◆ WORK ITEM: Your answer must be the full listing below, restated word for word, with no pictures in it.

◆ GIVEN RECORDS:
_ _ _ _ _
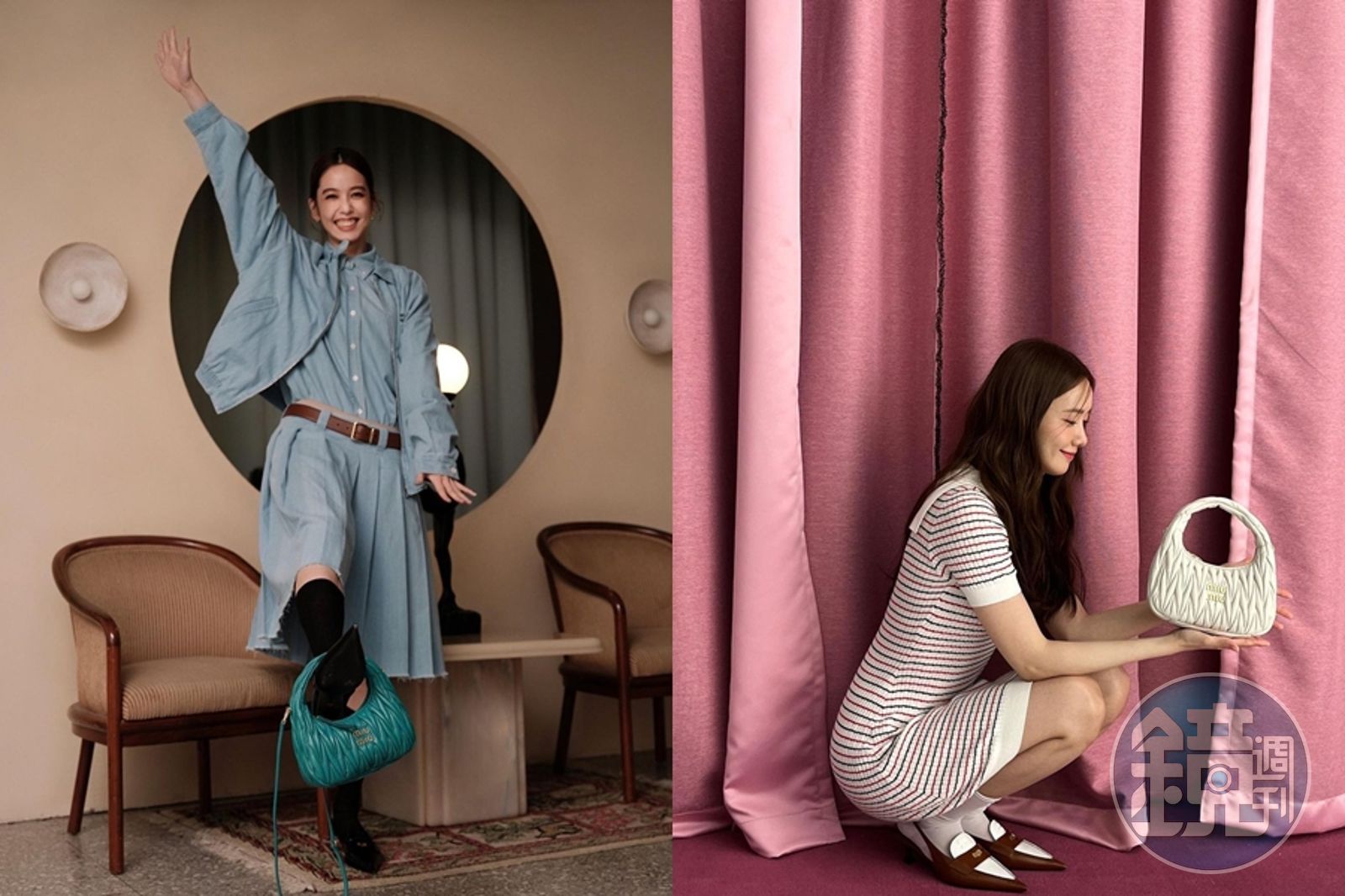 (左起)陳庭妮、潤娥,各自以不同詮釋方式,秀出全新的Miu Wander包款。(miu miu提供)發布時間:2022.05.27 15:47 臺北時間
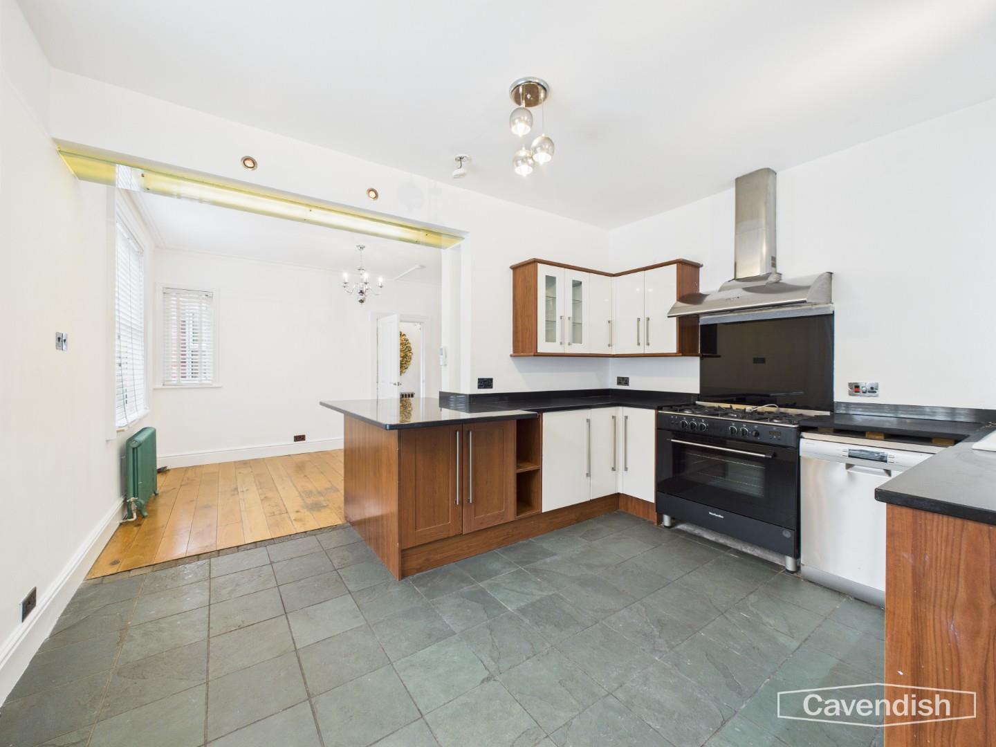 Fitted with a modern range of base and wall level units incorporating drawers and cupboards with quartz worktops and matching upstands incorporating a small breakfast bar. Free-standing Montpellier range style cooker with five-ring gas hob, gas oven and pan store with splashback and extractor above. Plumbing and space for dishwasher, ceiling light point, spotlighting, column style radiator, slate tiled floor, UPVC double glaze window overlooking Ermine Road, and small UPVC double glazed window overlooking the courtyard, Part-glazed door to sitting room.
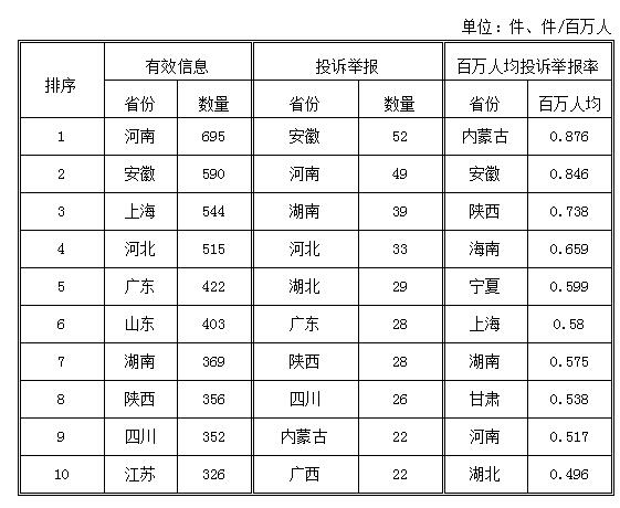 2018年1月,各?。ㄗ灾螀^(qū)、直轄市)按照有效信息數(shù)量排序,河南、安徽、上海等?。ㄊ校┝腥珖?0位;按照投訴舉報數(shù)量排序,安徽、河南、湖南等省排在全國前10位;按照百萬人均投訴舉報率排序,內(nèi)蒙古、安徽、陜西等?。ㄗ灾螀^(qū))位于全國前10位。(2018年1月有效信息及投訴舉報排名前10位情況見表三)
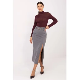 Elegantná, štýlová sukňa v midi dĺžke, ktorá je ideálna na formálne udalosti, večerné akcie a večierky. Materiál je vyrobený z kombinácie polyesteru, elastanu a viskózy, je mäkký na dotyk, mierne elastický a krásne sa prispôsobí postave. Hladký vzor zdôrazňuje klasický, nadčasový charakter modelu. Sukňa má vpredu rozparek, ktorý jej dodáva moderný, ženský nádych a zároveň zabezpečuje pohodlie pri pohybe. Pás je zazipsovaný, čo umožňuje ideálne prispôsobenie a zvýrazňuje ženskú siluetu. Celkový vzhľad je elegantný a minimalistický s krytým zipsom.
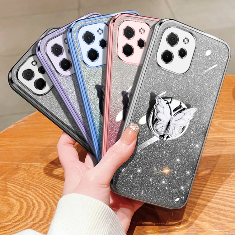 - 1x Funda TPU para Huawei Enjoy 50Z con Soporte de mariposa y brillo degradado (Rosa)
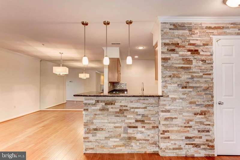 Welcome to 6101 Wigmore Lane Unit C, a stunning 2 bedroom, 2 bath condo located in desirable Kingstowne. This bright and cheery home features a kitchen with granite counters, stainless-steel appliances, a breakfast bar and an accent wall of natural stone tile. Beautiful wide plank hardwood floors flow in the living room, dining room, kitchen and hallway, and stylish updated lighting has been installed throughout. Relax by the cozy fireplace in the living room or step out and unwind on the oversized patio. The owner's suite has a large walk-in closet with custom built-in shelving and a private bath with dual sink vanity, jetted Jacuzzi tub and separate shower. There is also an in-unit washer and dryer for easy convenience. Kingstowne residents can enjoy a variety of amenities including swimming pools, fitness centers, walking paths, tennis and basketball courts, tot lots/playgrounds and numerous community clubs and activities. It is also conveniently located close to Kingstowne Town Center, 2 Metro Stations and all major commuter routes.
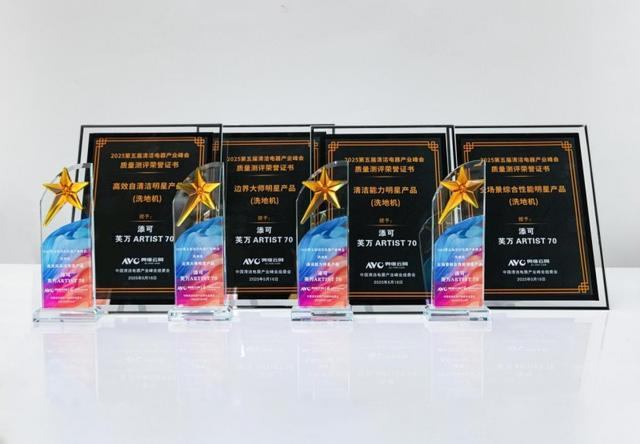 不仅在核心技术上追求极致,添可更致力于推动家居清洁美学革命。其深度融合家居美学理念的芙万Art Station和芙万Artist系列,凭借其前沿设计理念与卓越性能,重新定义了智能家电与家居空间和人的关系。这一创举,成功将洗地机从纯粹的清洁工具,升格为能够点缀现代家居空间的“家居艺术品”,引领了清洁电器美学新时代的到来。芙万Artist 70更是在2025第五届中国清洁电器产业峰会上荣获主办方奥维云网(AVC)颁发的全场景综合性能明星产品等4项大奖。
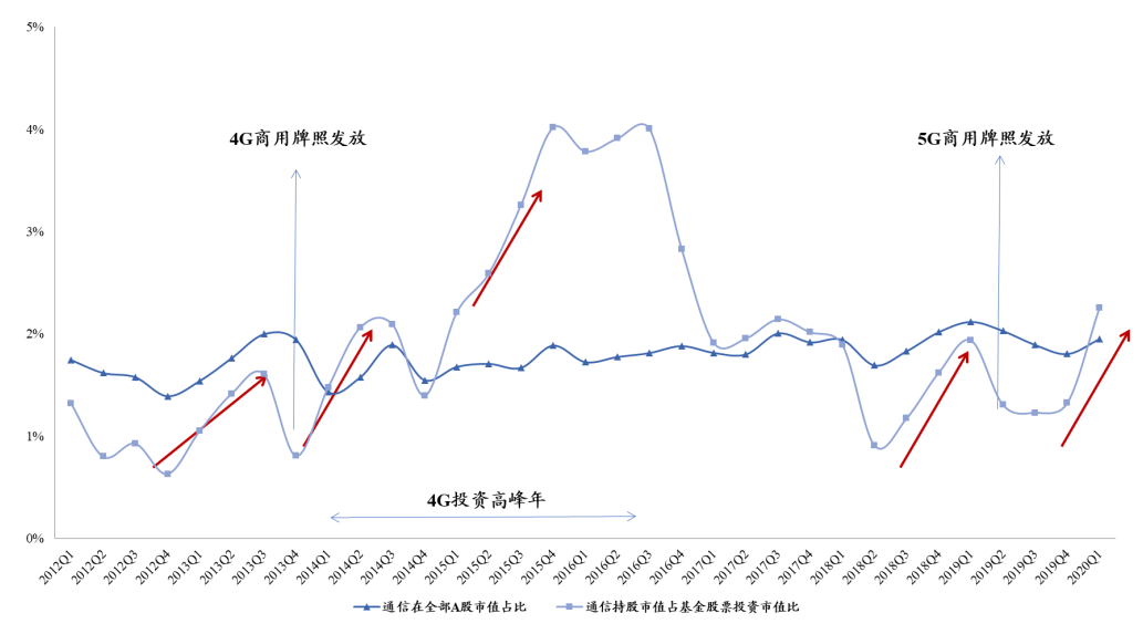 不同于消费行业,通信公司在一季度基金重仓股中的总市值大幅提升。从市场表现来看,5G、数据中心、产业互联网等通信重仓个股一季度涨幅明显。国泰君安通信团队分析原因在于疫情影响下,5G和云计算的双重催化了“新基建”的投资机会。
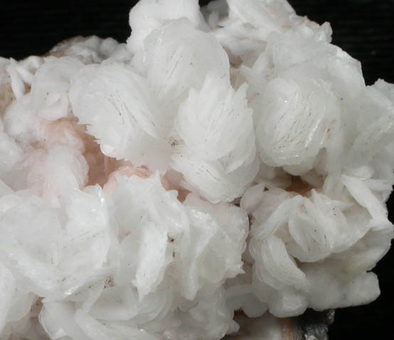 | Description: | Thin platy translucent white barite crystals to 7 mm overgrown on an earlier generation of transparent barite crystals that are only visible on the bottom surface. The barite crystals are in rosette-shaped aggregates to 10 mm across. Ex. W. Keller #590 |
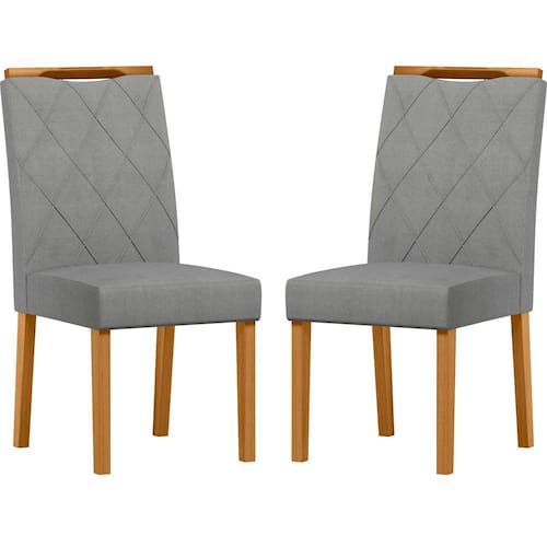 Conjunto com 2 Cadeiras de Jantar Sarah Ypê Linho Cinza Claro Ln02 - New Ceval
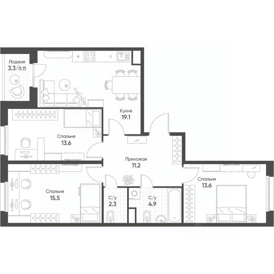 Продаётся 3-комнатная квартира в строящемся доме (Корпус 4-8), срок сдачи: III-кв. 2026, общей площадью 81.4 кв.м., на 6 этаже. "Счастье в Кольцово" - новый жилой комплекс Группы "Эталон" в р. п. Кольцово Новосибирской области.
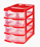 Органайзер, выполненный в виде небольшого комода из прозрачного пластика, что позволяет видеть содержимое. Содержит четыре выдвижных секции с удобным захватом (ручкой). Подходит для хранения швейных принадлежностей, рыболовных снастей, мелких деталей и других бытовых мелочей.
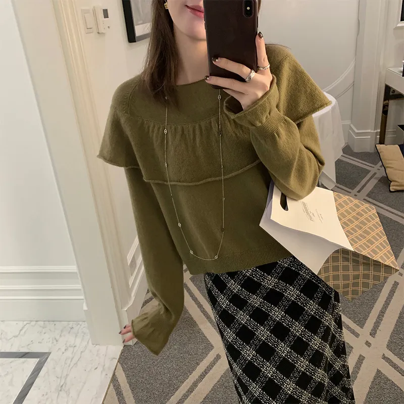 YESWOMEN Оливково-зеленый Женские кашемировые свитеры
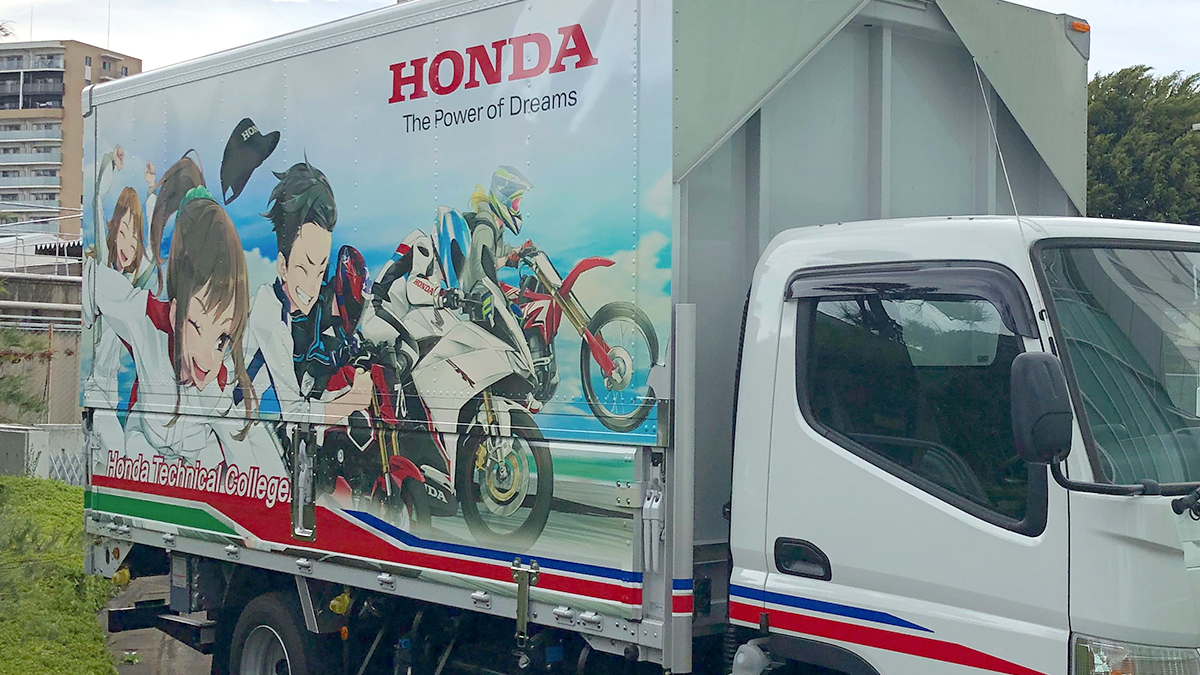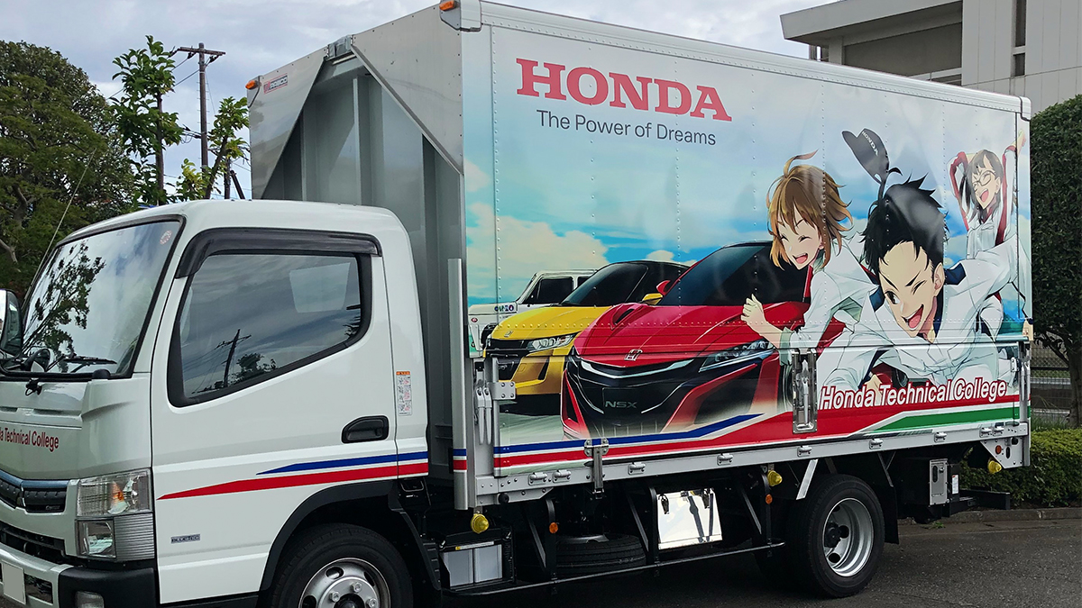 また、イラストはホンダ学園生がクルマ・バイクとともに疾走する流麗なデザインで、当校の学生・教職員からも好評です。
_ _ _ _ _
◆ OUTPUT OF THE EXERCISE:
 (左起)陳庭妮、潤娥,各自以不同詮釋方式,秀出全新的Miu Wander包款。(miu miu提供)發布時間:2022.05.27 15:47 臺北時間
 Fitted with a modern range of base and wall level units incorporating drawers and cupboards with quartz worktops and matching upstands incorporating a small breakfast bar. Free-standing Montpellier range style cooker with five-ring gas hob, gas oven and pan store with splashback and extractor above. Plumbing and space for dishwasher, ceiling light point, spotlighting, column style radiator, slate tiled floor, UPVC double glaze window overlooking Ermine Road, and small UPVC double glazed window overlooking the courtyard, Part-glazed door to sitting room.
 2018年1月,各?。ㄗ灾螀^(qū)、直轄市)按照有效信息數(shù)量排序,河南、安徽、上海等?。ㄊ校┝腥珖?0位;按照投訴舉報數(shù)量排序,安徽、河南、湖南等省排在全國前10位;按照百萬人均投訴舉報率排序,內(nèi)蒙古、安徽、陜西等?。ㄗ灾螀^(qū))位于全國前10位。(2018年1月有效信息及投訴舉報排名前10位情況見表三)
 Elegantná, štýlová sukňa v midi dĺžke, ktorá je ideálna na formálne udalosti, večerné akcie a večierky. Materiál je vyrobený z kombinácie polyesteru, elastanu a viskózy, je mäkký na dotyk, mierne elastický a krásne sa prispôsobí postave. Hladký vzor zdôrazňuje klasický, nadčasový charakter modelu. Sukňa má vpredu rozparek, ktorý jej dodáva moderný, ženský nádych a zároveň zabezpečuje pohodlie pri pohybe. Pás je zazipsovaný, čo umožňuje ideálne prispôsobenie a zvýrazňuje ženskú siluetu. Celkový vzhľad je elegantný a minimalistický s krytým zipsom.
 - 1x Funda TPU para Huawei Enjoy 50Z con Soporte de mariposa y brillo degradado (Rosa)
 Welcome to 6101 Wigmore Lane Unit C, a stunning 2 bedroom, 2 bath condo located in desirable Kingstowne. This bright and cheery home features a kitchen with granite counters, stainless-steel appliances, a breakfast bar and an accent wall of natural stone tile. Beautiful wide plank hardwood floors flow in the living room, dining room, kitchen and hallway, and stylish updated lighting has been installed throughout. Relax by the cozy fireplace in the living room or step out and unwind on the oversized patio. The owner's suite has a large walk-in closet with custom built-in shelving and a private bath with dual sink vanity, jetted Jacuzzi tub and separate shower. There is also an in-unit washer and dryer for easy convenience. Kingstowne residents can enjoy a variety of amenities including swimming pools, fitness centers, walking paths, tennis and basketball courts, tot lots/playgrounds and numerous community clubs and activities. It is also conveniently located close to Kingstowne Town Center, 2 Metro Stations and all major commuter routes.
 不仅在核心技术上追求极致,添可更致力于推动家居清洁美学革命。其深度融合家居美学理念的芙万Art Station和芙万Artist系列,凭借其前沿设计理念与卓越性能,重新定义了智能家电与家居空间和人的关系。这一创举,成功将洗地机从纯粹的清洁工具,升格为能够点缀现代家居空间的“家居艺术品”,引领了清洁电器美学新时代的到来。芙万Artist 70更是在2025第五届中国清洁电器产业峰会上荣获主办方奥维云网(AVC)颁发的全场景综合性能明星产品等4项大奖。
 不同于消费行业,通信公司在一季度基金重仓股中的总市值大幅提升。从市场表现来看,5G、数据中心、产业互联网等通信重仓个股一季度涨幅明显。国泰君安通信团队分析原因在于疫情影响下,5G和云计算的双重催化了“新基建”的投资机会。
 | Description: | Thin platy translucent white barite crystals to 7 mm overgrown on an earlier generation of transparent barite crystals that are only visible on the bottom surface. The barite crystals are in rosette-shaped aggregates to 10 mm across. Ex. W. Keller #590 |
 Conjunto com 2 Cadeiras de Jantar Sarah Ypê Linho Cinza Claro Ln02 - New Ceval
 Продаётся 3-комнатная квартира в строящемся доме (Корпус 4-8), срок сдачи: III-кв. 2026, общей площадью 81.4 кв.м., на 6 этаже. "Счастье в Кольцово" - новый жилой комплекс Группы "Эталон" в р. п. Кольцово Новосибирской области.
 Органайзер, выполненный в виде небольшого комода из прозрачного пластика, что позволяет видеть содержимое. Содержит четыре выдвижных секции с удобным захватом (ручкой). Подходит для хранения швейных принадлежностей, рыболовных снастей, мелких деталей и других бытовых мелочей.
 YESWOMEN Оливково-зеленый Женские кашемировые свитеры
 また、イラストはホンダ学園生がクルマ・バイクとともに疾走する流麗なデザインで、当校の学生・教職員からも好評です。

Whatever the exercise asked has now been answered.